Nenhum dos três critérios é adotado separadamente; o conceito deve levar em consideração os três critérios para não incorrer em erro.
Pode-se conceituar serviço público como toda atividade de oferecimento de utilidade ou comodidade material, de interesse da coletividade, prestada pelo Estado ou por quem lhe faça as vezes, sob regime de direito público, total ou parcial, na forma e segundo critérios estabelecidos pelo ordenamento jurídico.
16.2. Classificação
Serviços Uti Universi e Uti Singuli
Serviço público geral (uti universi) são aqueles que não podem ser individualizados; não há como aferir quanto cada usuário utilizou do serviço (ex.: limpeza pública e iluminação pública) – remunerados por imposto.
Serviço singular (uti singuli) são aqueles em que é possível delimitar quanto cada usuário efetivamente utilizou, são remunerados por meio de taxas ou tarifas (preço público) (ex.: telefonia). O serviço de coleta, remoção e tratamento de lixo domiciliar, para o STF, é serviço uti singuli, admitindo a cobrança de taxa.
Serviços Delegáveis e Indelegáveis
Serviços delegáveis são aqueles que podem ser delegados ao particular (ex.: telefonia, energia elétrica).

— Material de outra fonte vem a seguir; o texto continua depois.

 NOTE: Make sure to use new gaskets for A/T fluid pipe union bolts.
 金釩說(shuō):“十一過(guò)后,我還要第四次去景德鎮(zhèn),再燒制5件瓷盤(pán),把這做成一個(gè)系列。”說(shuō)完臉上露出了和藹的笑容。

Serviços indelegáveis são aqueles que não podem ser delegados a particulares. Para quem adota um conceito mais amplo de serviço público, como José Carvalho Filho, são exemplos: serviço de segurança pública e fiscalização tributária. Para quem adota um conceito menos amplo, como Celso Antônio Bandeira de Mello, o único serviço indelegável é o serviço postal e o correio aéreo nacional (CF, art. 21, X).

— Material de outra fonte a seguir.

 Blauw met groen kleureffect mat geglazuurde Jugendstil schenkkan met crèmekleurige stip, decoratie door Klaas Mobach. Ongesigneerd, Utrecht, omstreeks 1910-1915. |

A doutrina ainda identifica dois serviços que são indelegáveis: uti universi, pois não podem ser remunerados individualmente mediante tarifa – o que não guarda consonância com o ordenamento jurídico.
Outras Classificações
Serviços administrativos são aqueles que não beneficiam diretamente os indivíduos, mas cuja execução concede benefícios para o desenvolvimento de outras atividades da Administração (ex.: imprensa nacional).

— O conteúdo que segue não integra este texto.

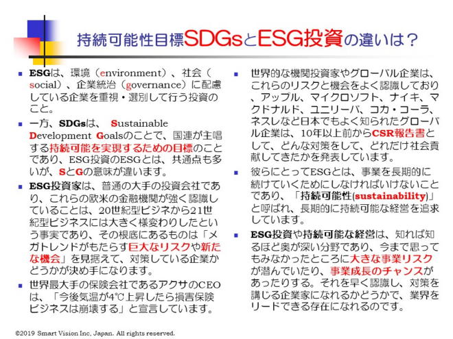 ESGとは、E(環境)、S(社会)、G(ガバナンス)に配慮している企業を重視・選別して行う投資であり、国際連合が2006年、投資家がとるべき行動として責任投資原則(PRI:Principles for Responsible Investment)を打ち出したことから、ESGの観点から投資するよう提唱したため、欧米の機関投資家を中心に企業の投資価値を測る新しい評価項目として関心を集めるようになったものである。 従来の投資が売上高や利益など過去の実績を表す財務指標を重視したのに対し、ESG投資は環境、社会、企業統治を重視することが結局は企業の持続的成長や中長期的収益につながり、慈善事業などの社会貢献と経済的利益の両方をねらう「インパクト投資」といった側面もある。 欧米先進企業や一部の日本の大手グローバル企業も、CSR報告書を出すことで、これらの投資を得て、その中で、持続可能性を追求する企業としての企業ブランドを高めたこともあり、これからの事業成長の機会を得られる企業として認知されるようになった。 |
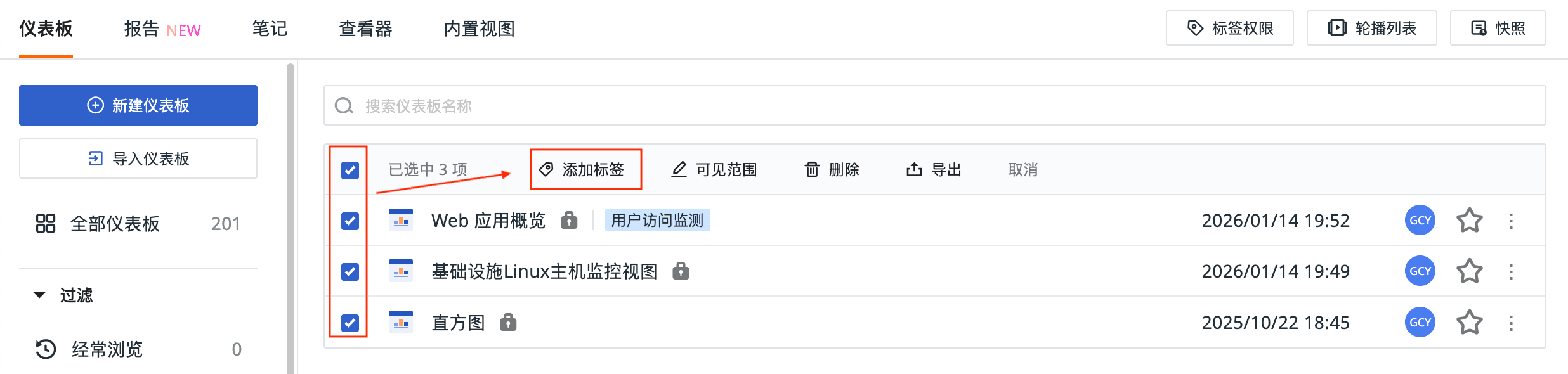 1、新增支持批量为仪表板添加标签;
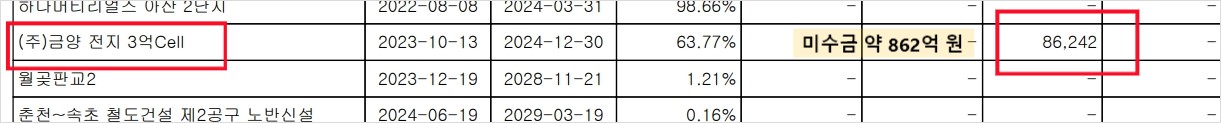 금양 기장공사를 하던 건설사는 동부건설이었음. 동부건설의 2024년 3분기 분기보고서가 11월 14일에 발표됨. 이 분기보고서를 보면 동부건설의 미수금이 나옴. 미수금에 금양의 기장공사 미수금 약 862억 원이 잡혀있음. 이게 무슨 말일까? 공사비를 지급하지 않았다는 거임. 금양이 금양 했음.
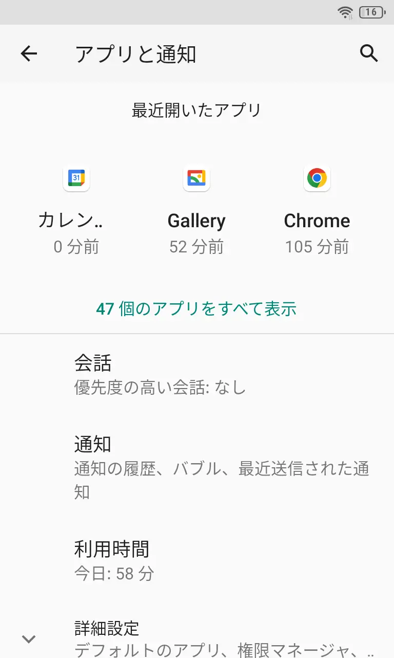 設定のアプリと通知より詳細設定をタップします。
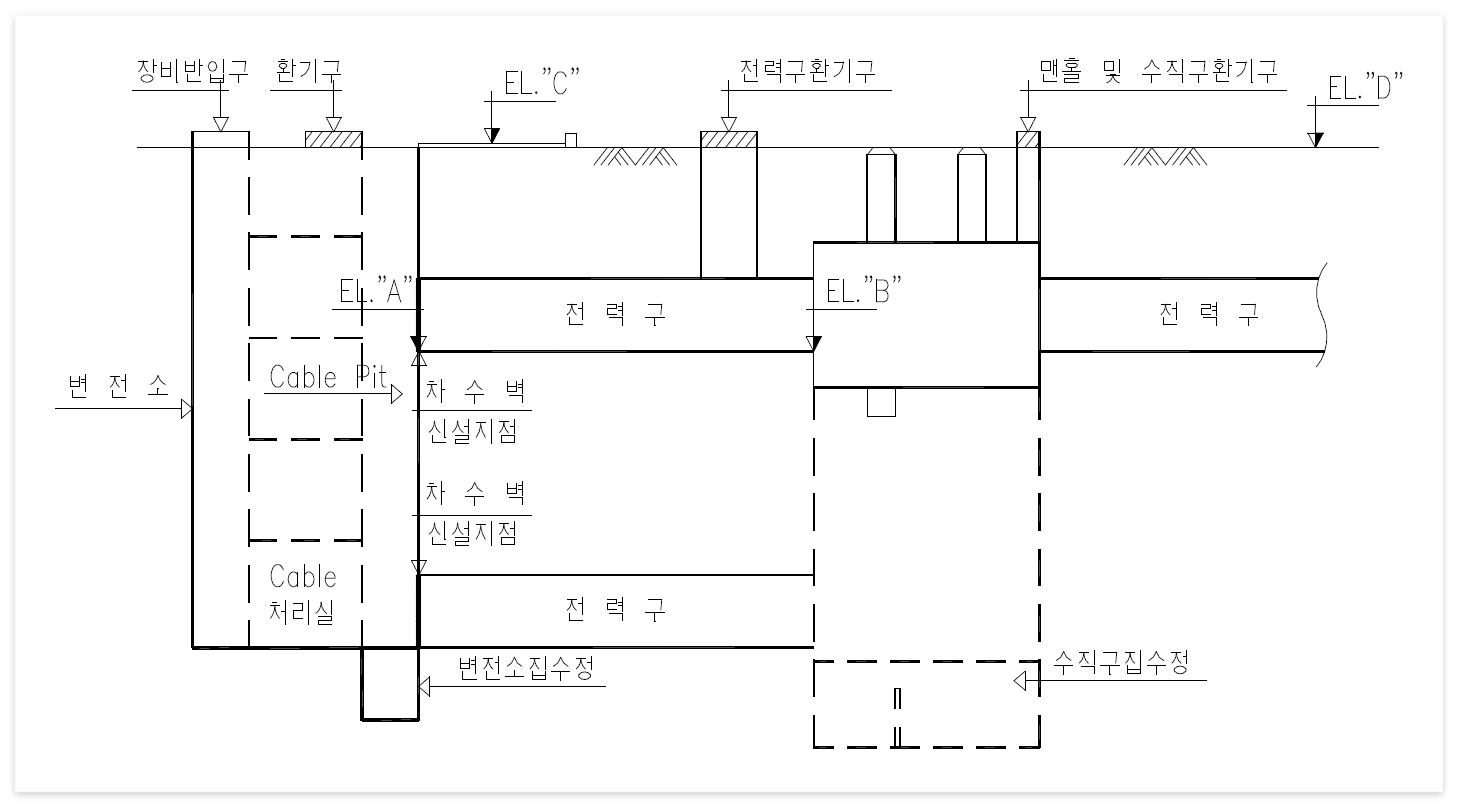 • EL"A" < EL"B" : 변전소 방향으로 침투수 유입가능
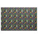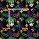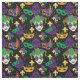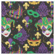 Mardi Gras gemusterte Stoffe mit karnevalen Gesichtsmasken, Fleur de lys motifs und Jestermasken in lila, grün und goldfarben

Serviços sociais consistem em prestações materiais do Estado para o indivíduo, previstas na CF, art. 6º e na ordem social.
Serviços econômicos são aqueles que, se delegados ao particular, podem garantir a obtenção de lucro; são atividades econômicas em sentido amplo (ex.: telefonia e energia elétrica).
Serviços Privativos e Comuns
Serviços privativos são aqueles de competência privativa de um ente federado. No caso da União, os serviços do artigo 21, incisos X a XII, CF. No caso dos municípios, artigo 30, CF. No caso dos Estados, competência remanescente – o que não estiver expresso que é da União – CF, art. 25, §2º.
Serviços comuns são aqueles do artigo 23, CF.